Aim of the exercise
Only the lines from the top of the records below through the line containing "目前《一念關山》的豆瓣評分相" should be printed, exactly and without pictures.

Source data:

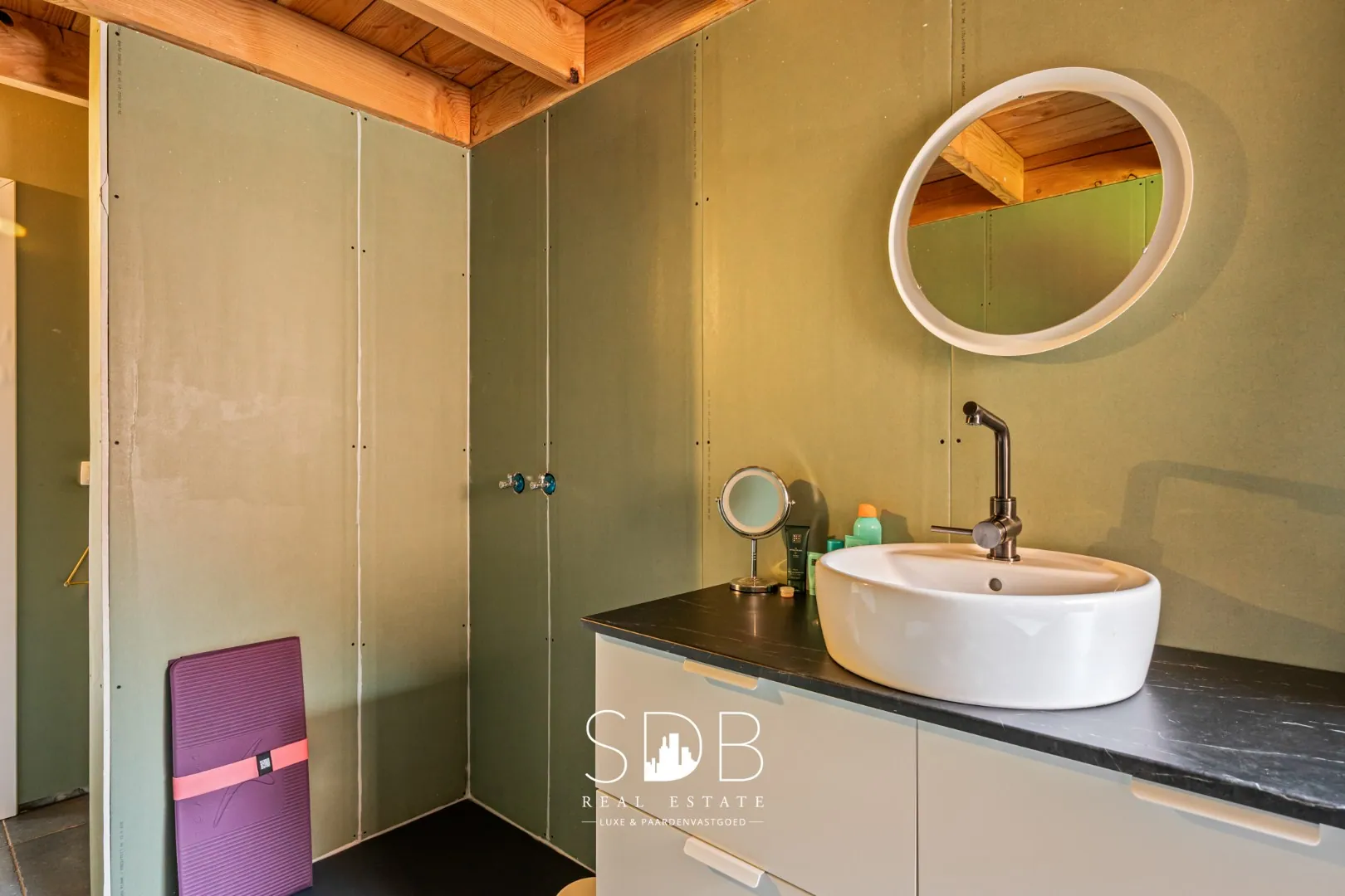 Eveneens is er nog een douchekamer welke is uitgerust met een enkel lavabomeubel en uiteraard een douche.
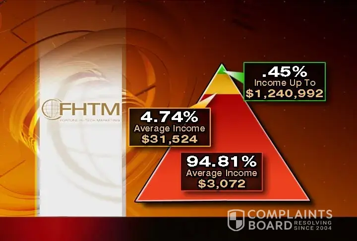 FHTM was also forced to produce (one time only) an income disclosure statement (“IDS”) which according to industry expert, Robert FitzPatrick who is the President of Pyramid Scheme Alert, is so skewed that it isn’t worth the paper it is written on because the figures do not include the almost 30% who did not make even a dime in this business opportunity. Looking at the numbers produced by FHTM itself, over 90% fail.
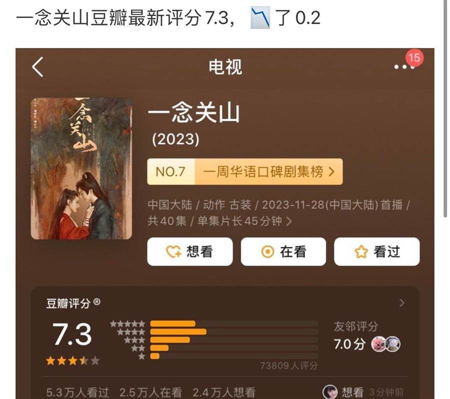 目前《一念關山》的豆瓣評分相比較最初已經下降了0.2,網友們對于女主角人設的改變有很多的不滿,而且有部分觀眾覺得關于這部劇戲外的爭議有很多,這也大大的影響了大家追劇的體驗。
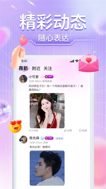 【同城交友】优先呈现附近的人,助你结识新朋友。在同城,无论是看电影、吃饭还是去旅行,都无需再独自进行。
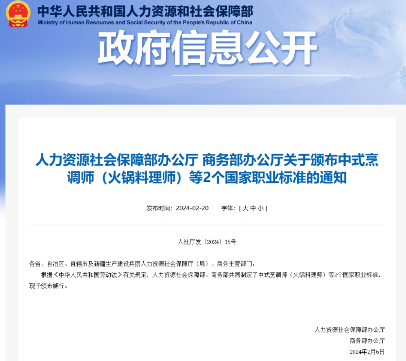 火锅料理师国标颁布。(图/中国人社部官网截图)
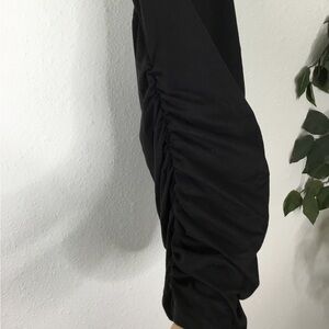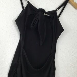 An all black dress with a square neck and ruching down both sides. Thin, soft material. Perfect for a girls night out. Adjustable straps with an open tie back.
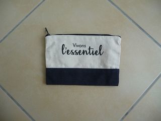 Trousse avec message "Vivons l'essentiel", marque Camaïeu, en coton bicolore écru et marine, entièrement doublée coton, glissière bleu marine. Dimensions approximatives : 18 x 12
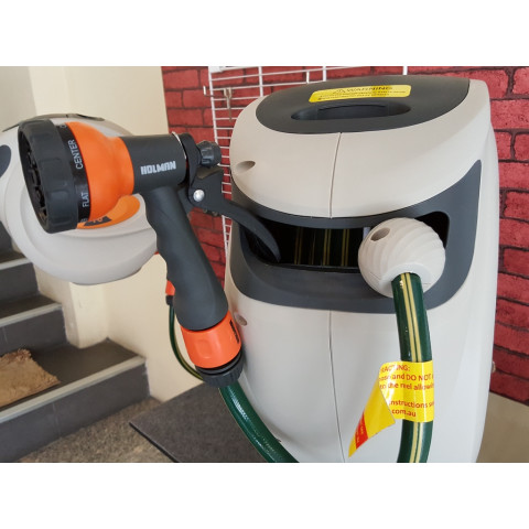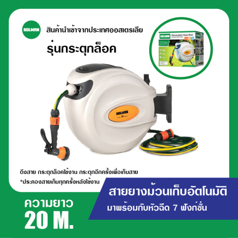 สายยางม้วนเก็บอัตโนมัติ ขนาด 20 เมตร (H20M) ตัวช่วยงานสวนและงานทำความสะอาดที่ทำให้ชีวิตง่ายขึ้น ไม่ต้องก้มเก็บสายยางให้เมื่อยอีกต่อไป เพียง กระตุกสายยาง 1 ครั้ง ระบบจะม้วนเก็บกลับแบบอัตโนมัติ ช่วยจัดระเบียบพื้นที่ให้ดูเรียบร้อย พร้อมใช้งานทุกครั้ง เหมาะทั้งรดน้ำต้นไม้ ล้างรถ ล้างพื้น และงานบ้านรอบบ้าน
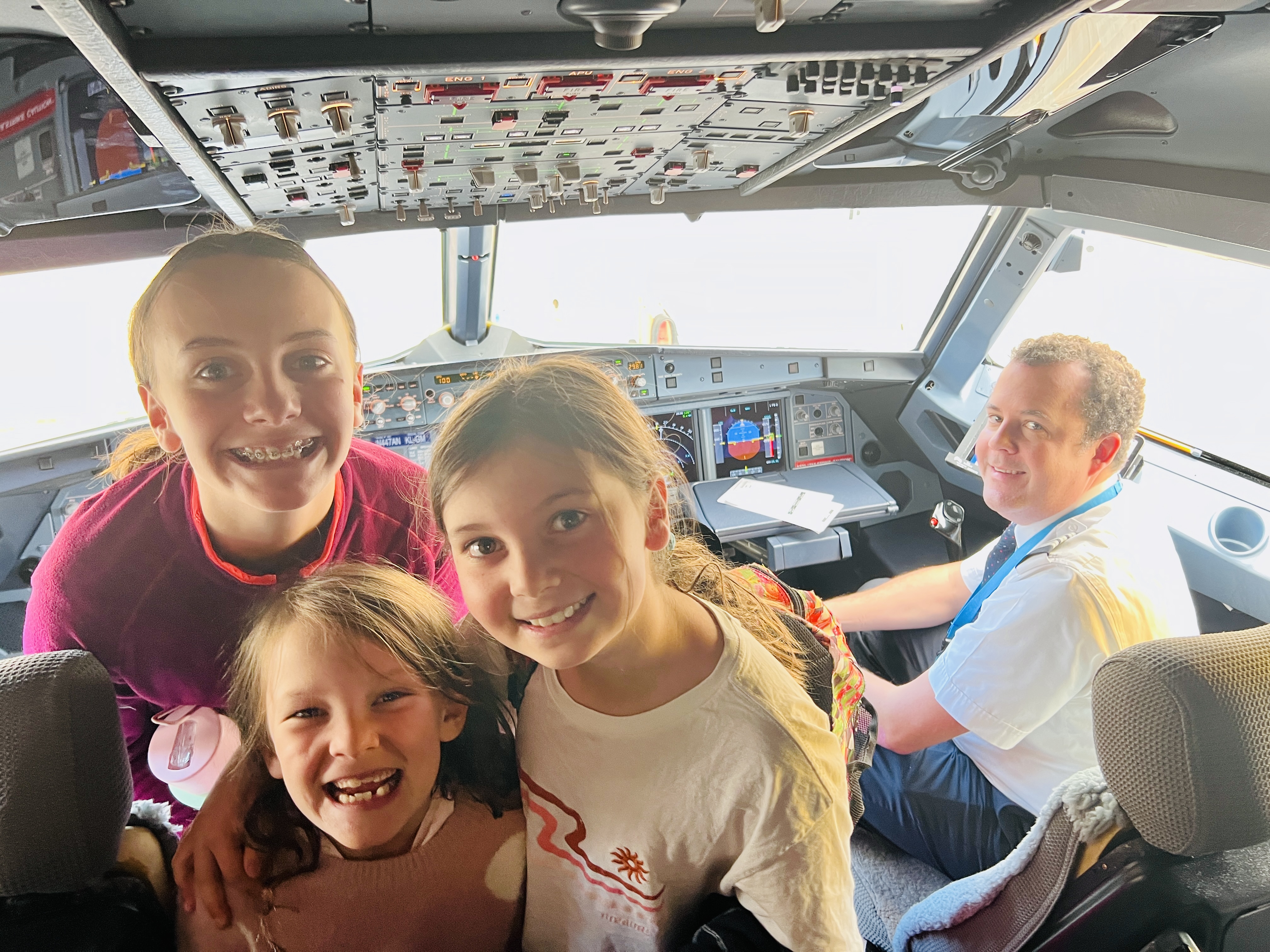 We were shocked when the flight attendant checked us in at the gate with a big smile and cracked jokes at us and the other passengers. As we boarded our brand new Airbus, we were ushered aside by another stewardess, who asked if the girls would like a photo in the cockpit.

Written response
 Eveneens is er nog een douchekamer welke is uitgerust met een enkel lavabomeubel en uiteraard een douche.
 FHTM was also forced to produce (one time only) an income disclosure statement (“IDS”) which according to industry expert, Robert FitzPatrick who is the President of Pyramid Scheme Alert, is so skewed that it isn’t worth the paper it is written on because the figures do not include the almost 30% who did not make even a dime in this business opportunity. Looking at the numbers produced by FHTM itself, over 90% fail.
 目前《一念關山》的豆瓣評分相比較最初已經下降了0.2,網友們對于女主角人設的改變有很多的不滿,而且有部分觀眾覺得關于這部劇戲外的爭議有很多,這也大大的影響了大家追劇的體驗。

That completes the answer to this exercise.